Handling Concurrent Writes

ContextGraph handles concurrent writes with a re-entrant lock (threading.RLock) that wraps every mutation — you do not need to add your own synchronization:
import threading
from semantica.context import ContextGraph

graph = ContextGraph()

def misp_ingest_worker(events):
    for event in events:
        graph.add_node(event["id"], event["type"], event["value"])
        for attr in event.get("attributes", []):
            graph.add_edge(event["id"], attr["value"], "has_attribute")

def nvd_ingest_worker(cves):
    for cve in cves:
        graph.add_node(cve["id"], "Vulnerability", cve["description"], cvss=cve["cvss"])
        graph.add_edge(cve["id"], cve["product"], "affects")

# Both threads write safely to the same graph
t1 = threading.Thread(target=misp_ingest_worker, args=(misp_events,))
t2 = threading.Thread(target=nvd_ingest_worker, args=(nvd_batch,))
t1.start(); t2.start()
t1.join(); t2.join()

print(graph.stats())
The lock is re-entrant, so internal calls that themselves acquire the lock (for example, add_edge() calling find_node() internally) won’t deadlock.

Semantic Search via AgentContext

AgentContext wraps the graph with a FAISS vector index and lets you retrieve by semantic similarity, with optional blending of graph proximity:
from semantica.context import AgentContext, ContextGraph
from semantica.vector_store import VectorStore

graph = ContextGraph()
# ... (populated with CTI nodes as above)

context = AgentContext(
    vector_store    = VectorStore(backend="faiss", dimension=768),
    knowledge_graph = graph,
    hybrid_alpha    = 0.5,       # 50% semantic / 50% structural weighting
    decision_tracking = True,
)

# Store intel summaries — these become searchable
context.store("APT29 operated SUNBURST backdoor via SolarWinds supply chain compromise")
context.store("45.142.212.100 is a C2 server associated with the SUNBURST campaign")
context.store("CVE-2020-10148 allows unauthenticated API access in SolarWinds Orion")

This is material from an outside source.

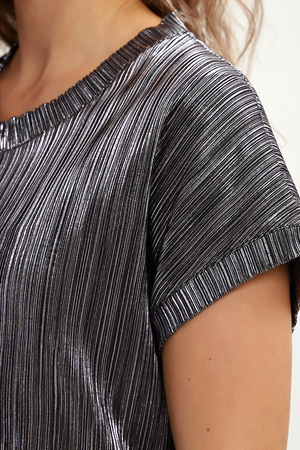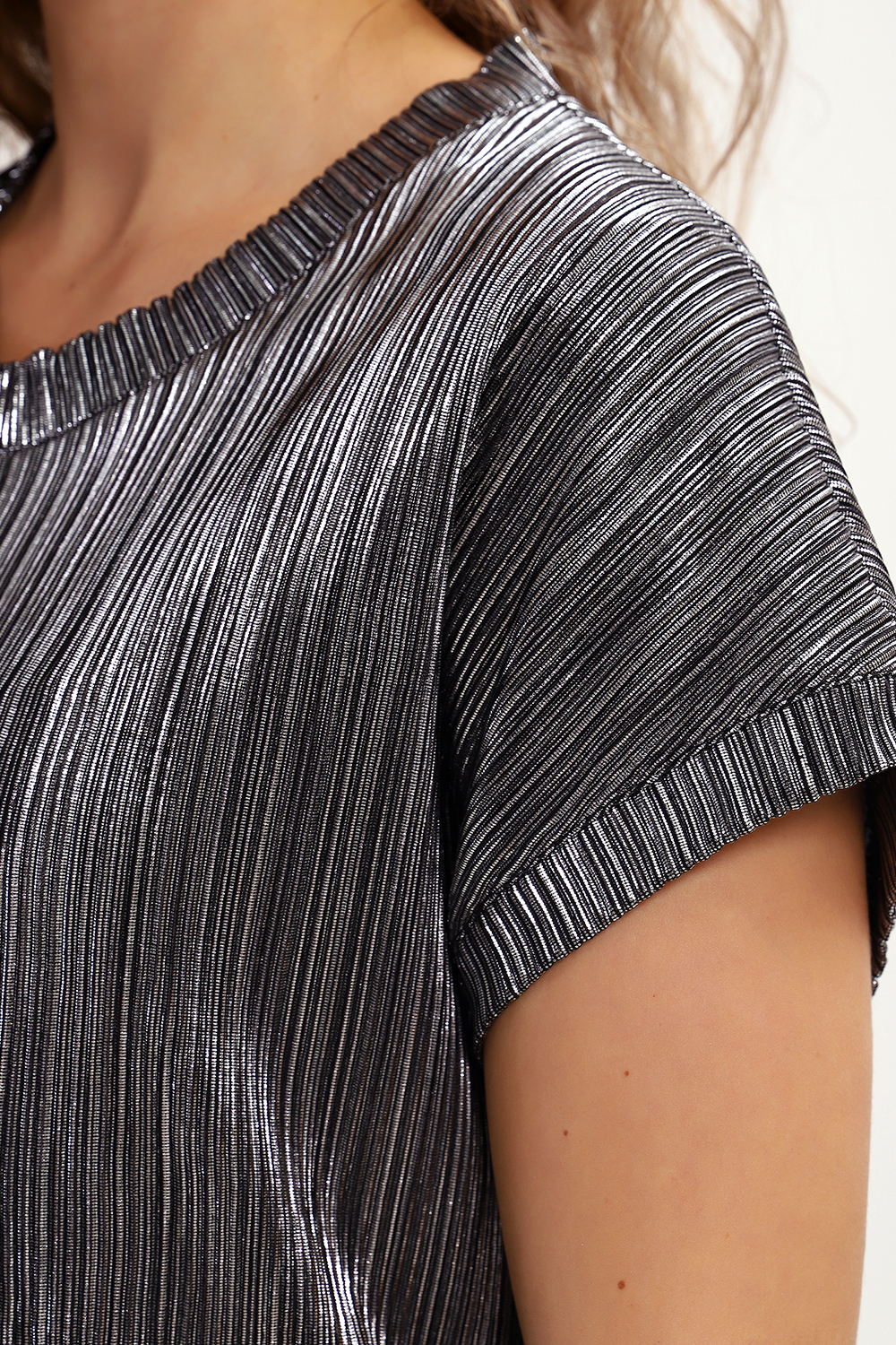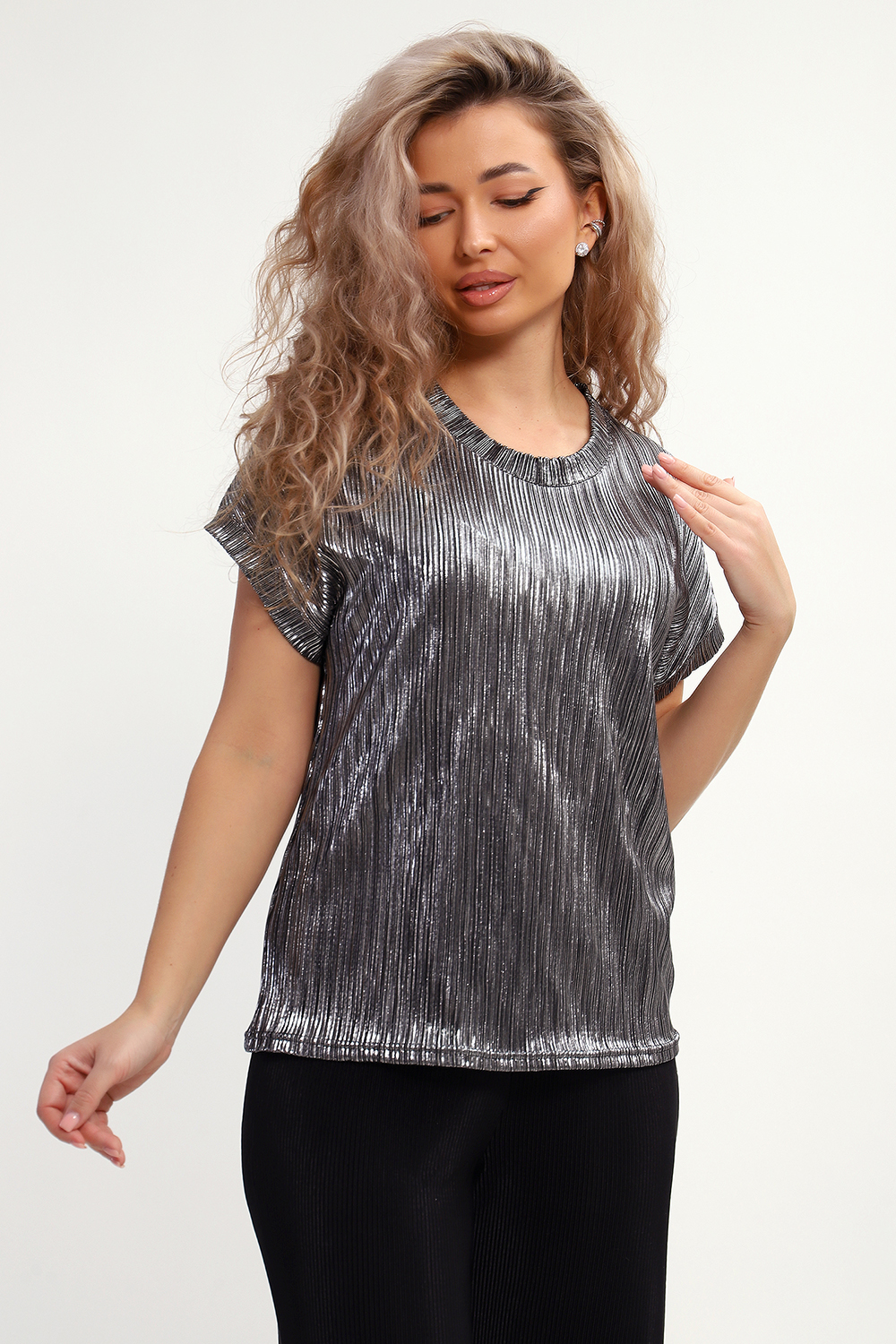 Стильная нарядная блузка, сочетающая в себе комфорт и элегантность. Благодаря свободному крою, блузка создает легкий силуэт и деликатно скрывает особенности фигуры. Добавляет изюминку изделию блестящая ткань с прочным напылением фойл, которое отлично держится на ткани после стирки. Ткань атлас гофре приятна на ощупь, хорошо тянется, не мнется, держит форму. Блузка смотрится и как офисная, и как вечерняя модель, а также это отличный вариант для летнего наряда. Округлая горловина, обработанная обтачкой, подчеркивает женственность образа, спущенный рукав не стесняет движений.  Нарядная блузка позволит вам эффектно выглядеть не только на праздничных мероприятиях, но и в будни.

# Retrieve with graph proximity blending
# anchor_node="APT29" means nodes close to APT29 in the graph score higher
results = context.retrieve(
    "APT29 infrastructure and C2 servers",
    max_results      = 10,
    anchor_node      = "APT29",
    max_hops         = 2,
    proximity_weight = 0.3,    # 30% graph proximity, 70% semantic score
    use_graph        = True,
)

for r in results:
    # "score"          — base semantic similarity (always present)
    # "combined_score" — blended score (present when proximity_weight > 0)
    # "distance_band"  — "direct" / "near" / "mid" / "far"
    score = r.get("combined_score", r.get("score", 0))
    print(f"[{score:.3f}]  {r.get('content', '')[:70]}")
proximity_weight is a per-call parameter on retrieve(), not a constructor setting. This means different queries can use different blending ratios on the same context object — a broad semantic search uses proximity_weight=0.0, while a neighborhood-focused traversal uses proximity_weight=0.5.

Cross-Graph Navigation

link_graph() connects two separate graphs, and cross_graph_path() finds paths that span the boundary:
from semantica.context import ContextGraph

actor_graph  = ContextGraph()
victim_graph = ContextGraph()

actor_graph.add_node("APT29",    "ThreatActor", "APT29")
actor_graph.add_node("SUNBURST", "Malware",     "SUNBURST backdoor")
actor_graph.add_edge("APT29", "SUNBURST", "uses")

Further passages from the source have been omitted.